We calculated the PPV and NPV of both NLP algorithms and administrative diagnostic codes to identify AS from the development and validation datasets using the physician-adjudicated echocardiogram result as the “gold standard.” We also calculated and compared the number of echocardiograms with AS identified through NLP compared to those identified using administrative diagnostic codes during the full 2008-2018 study period. Patients with prosthetic valves were identified through the validated NLP algorithms and removed from the analysis of AS ascertainment via NLP vs administrative diagnostic codes. As a sensitivity analysis, we examined this concordance in both the ICD-9 and ICD-10 era, using October 1, 2015 as the transition date to ICD-10 codes. Finally, we calculated the distribution of AS severity, using the validated AS severity NLP algorithm, among those patients with AS identified by NLP but not identified by administrative diagnostic codes, to determine if AS cases without associated diagnosis codes reflected mild through severe disease.

Results

Dataset assembly, accuracy of NLP algorithms, and baseline characteristics

Among eligible echocardiograms between 2008 and 2018, a total of 1003 were selected for the development and validation datasets (210 in the development dataset, 193 in Validation 1 dataset, 300 in Validation 2 dataset, and 300 in Validation 3 dataset, each of which had approximately 50% with AS of any severity by reading physician assessment, and 50% without any identified AS). Development and validation of NLP algorithms for all 16 AS and associated variables were completed, with final PPV and NPV >95% achieved for each variable (Table 1 and Supplemental Table 2) Most variables required iterative testing in 2 validation datasets to ensure that the initial PPV and NPV met our performance criteria. Two queries, AS severity and LVH, required 3 iterations of testing in validation datasets, driven by a higher degree of variability in how physicians reported these measures. The most structured variables from echocardiogram reports, such as AV VTI, LVOT VTI, LVOT diameter, AV area, end-diastolic volume, and end-systolic volume, met our performance criteria after initial development, but we further confirmed that performance characteristics remained at target levels by testing in a second validation dataset.

Table 1.

Performance of aortic stenosis natural language processing algorithms

Variable	Development dataset results		Final validation dataset results
	PPV	NPV	PPV	NPV
Global aortic stenosis^†	100%	99%	99%	99%
Aortic stenosis severity^‡	100%	98%	99%	96%
Aortic valve max velocity^†	100%	100%	98%	100%
Left ventricular ejection fraction^†	100%	100%	99%	100%
Peak aortic valve gradient^†	100%	100%	99%	98%
Mean aortic valve gradient^†	99%	99%	100%	98%
Left ventricular hypertrophy^‡	100%	100%	100%	95%
Aortic valve velocity time integral^∗	100%	100%	100%	100%
Left ventricular outflow tract velocity time integral^∗	100%	100%	100%	100%
Left ventricular outflow tract diameter^∗	100%	100%	100%	99%
Aortic valve area^∗	100%	100%	100%	100%
End diastolic volume^∗	100%	100%	100%	100%
End systolic volume^∗	100%	100%	100%	100%
End diastolic diameter^†	100%	96%	100%	96%
End systolic diameter^†	100%	97%	100%	96%
Bicuspid aortic valve^∗	100%	97%	97%	100%

Open in a new tab

The bicuspid aortic valve natural language processing algorithm used separate development and validation datasets enriched for patients with this condition.

^∗

These algorithms met specified performance criteria in the first tested validation set. They were additionally tested in a second validation dataset for further confirmation of accuracy.

^†

Required iteration and testing in 2 validation datasets to meet specified performance criteria.

^‡

Required iteration and testing in 3 validation datasets to meet specified performance criteria.

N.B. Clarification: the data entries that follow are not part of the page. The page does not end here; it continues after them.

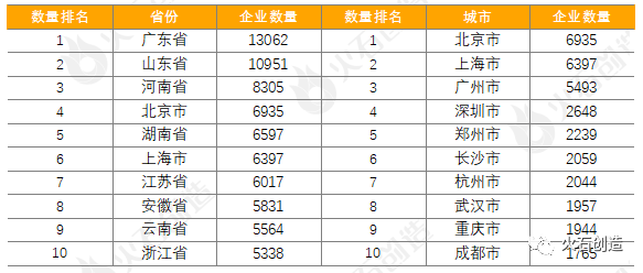 从新增企业地域分布来看,企业数量排名前十的省份为广东省、山东省、河南省、北京市、湖南省、上海市、江苏省、安徽省、云南省、浙江省,占全国新增企业总量的60.31%。企业数量排名前十的城市为北京市、上海市、广州市、深圳市、郑州市、长沙市、杭州市、武汉市、重庆市、成都市,占全国新增企业总量的26.92%。
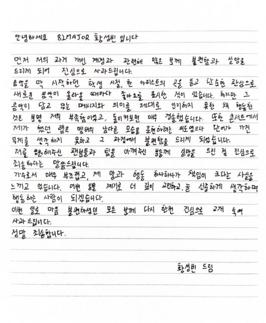 13일 황성빈은 82메이저 공식 SNS 계정을 통해 "안녕하세요. 82MAJOR 황성빈입니다"라며 장문의 자필 사과문을 게재했다.
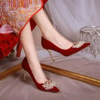 红色婚鞋 |平价百元 仙女小跟低跟婚鞋.适合高个子的新娘,不 - 抖音
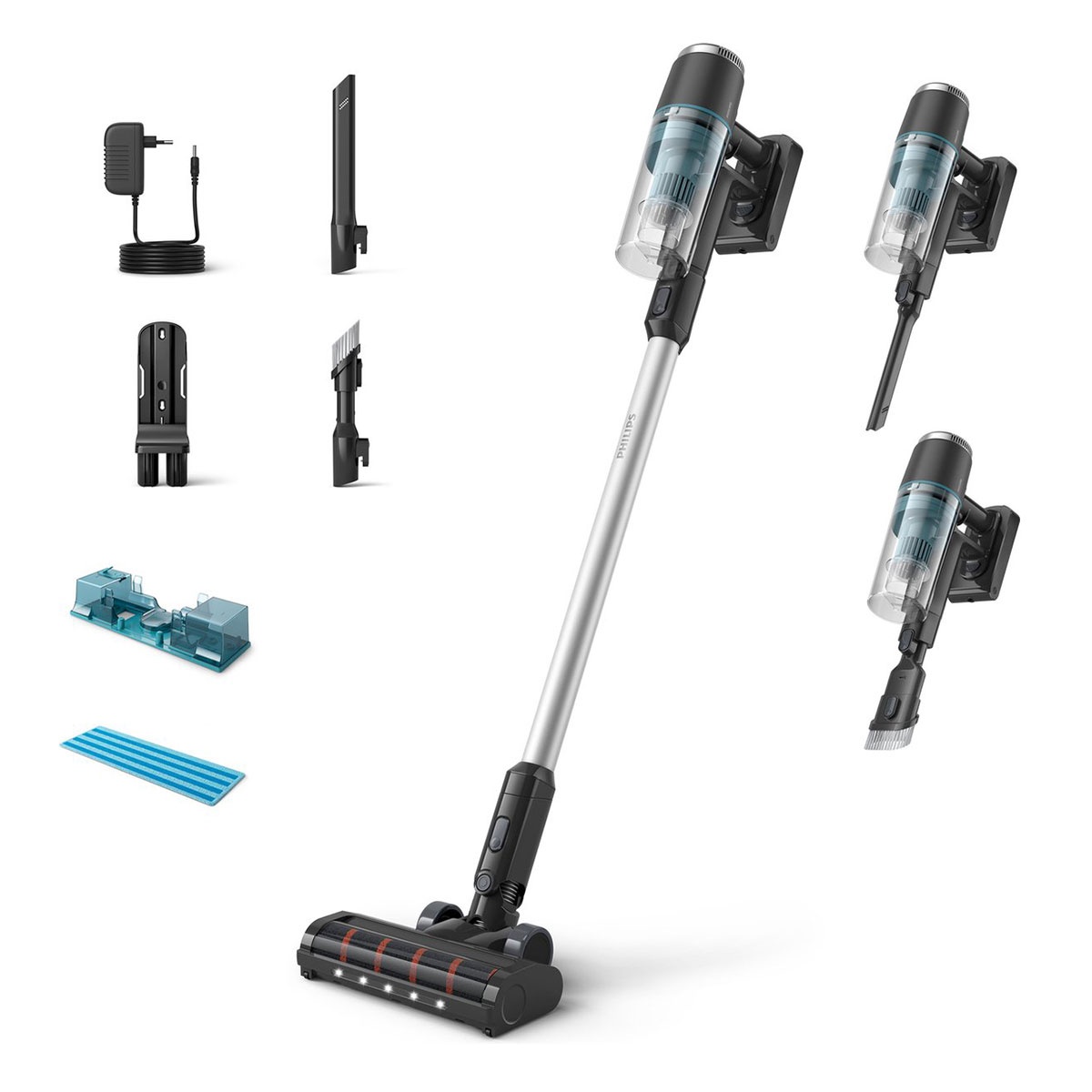 Tweedekans - Philips Steelstofzuiger XC3131/01 – Draadloos, Met Dweilfunctie en LED-verlichting
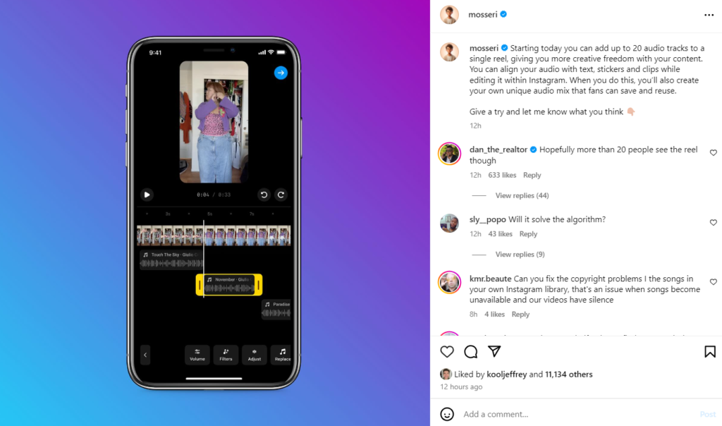 On this development, Instagram’s Head, Adam Mosseri, last night stated, “Starting today you can add up to 20 audio tracks to a single reel, giving you more creative freedom with your content. You can align your audio with text, stickers and clips while editing it within Instagram. When you do this, you’ll also create your own unique audio mix that fans can save and reuse. Give a try and let me know what you think ”
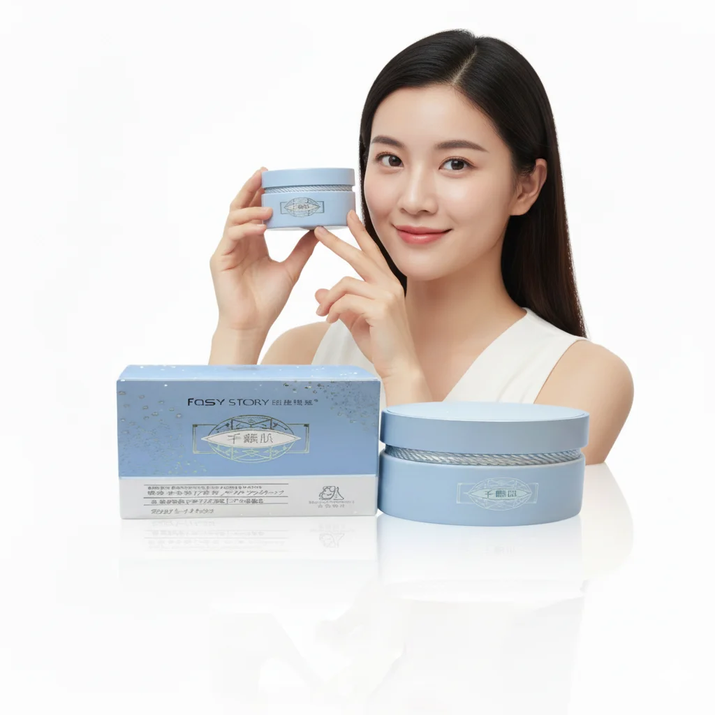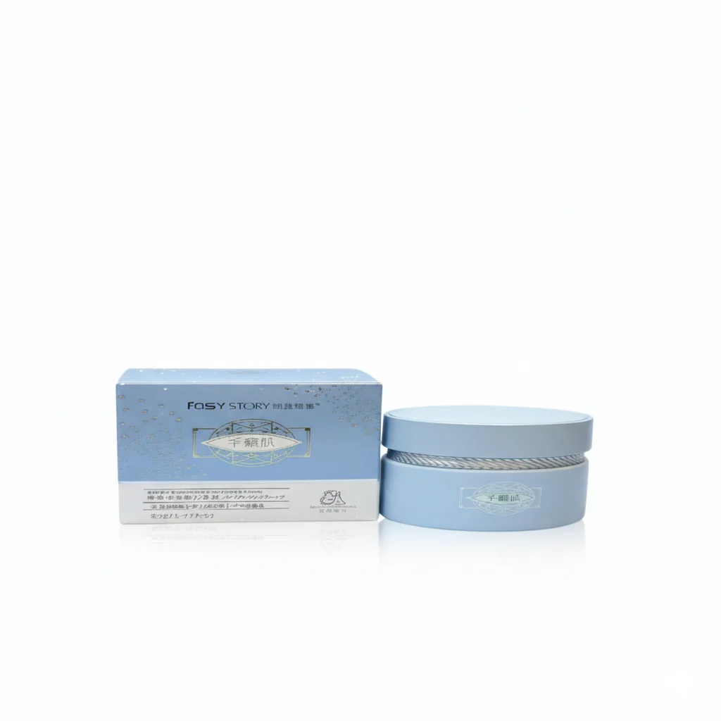 This cream is presented in a light blue jar and matching box with silver accents. The brand name, “FASY STORY,” is prominently displayed on the packaging. The product name, which translates to something akin to “Lush and Condensed Skin,” suggests its intended purpose for skin nourishment and care. The packaging also includes the phrasebright which means “Bright Moon Seaweed,” indicating that seaweed extract is a likely key ingredient.
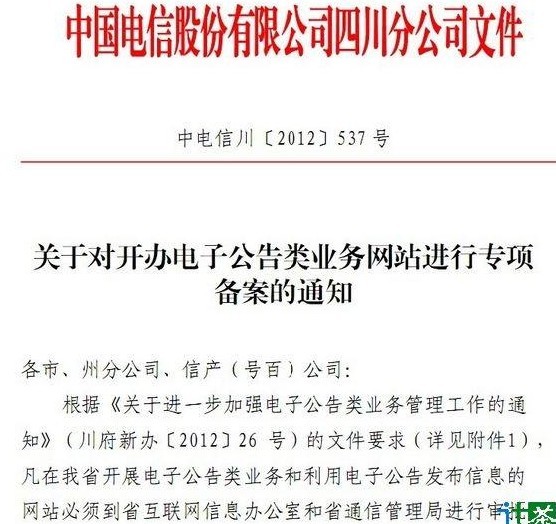 731日消息,近日大量站长反映接到IDC通知要求对论坛进行专项备案,截止日期为20121231日,逾期还没有进行专项备案的网站将被关闭。记者登录成都知名虚拟主机提供商西部数码官方网站发现,西部数码的用户公告里已经发布了关于对开办电子公告类业务网站进行专项备案的通知,通知里明确指出凡在四川开展电子公告发布信息的网站(主要是论坛)必须到各省互联网信息办公室和通信管理局进行论坛专项备案。 确保在20121231日前办理完成相关专项备案手续,逾期未办理的,网站将被关闭。

Based on examining accuracy of AS identification from the 1003 physician-adjudicated echocardiogram reports, the developed NLP algorithms were more accurate than using administrative diagnostic codes searched between 14 days prior to and 6 months after the respective echocardiogram date, with PPV and NPV for AS identification with NLP being higher than using diagnostic codes (Table 2). The higher NPV (96%) than PPV (59%) for identifying AS with codes indicates there were more false-positives using codes alone (ie, an ICD-9/10 code for AV disease but no echocardiographic evidence of AS) than false-negatives (ie, no ICD-9/10 code for an associated echo showing AS) among the development and validation datasets.

Table 2.

Positive and negative predictive values of natural language processing algorithm and ICD 9/10 diagnostic codes to identify aortic stenosis compared with physician manual adjudication of medical records in the development and validation datasets

Total echocardiograms in aortic stenosis development and validation datasets
(N = 1003)	PPV	NPV
Identification by ICD 9/10 codes	59%	96%
Identification by NLP algorithm	99%	99%

Open in a new tab

ICD 9/10 = International Classification of Diseases, Versions 9 and 10; NLP = natural language processing; NPV = negative predictive value; PPV = positive predictive value.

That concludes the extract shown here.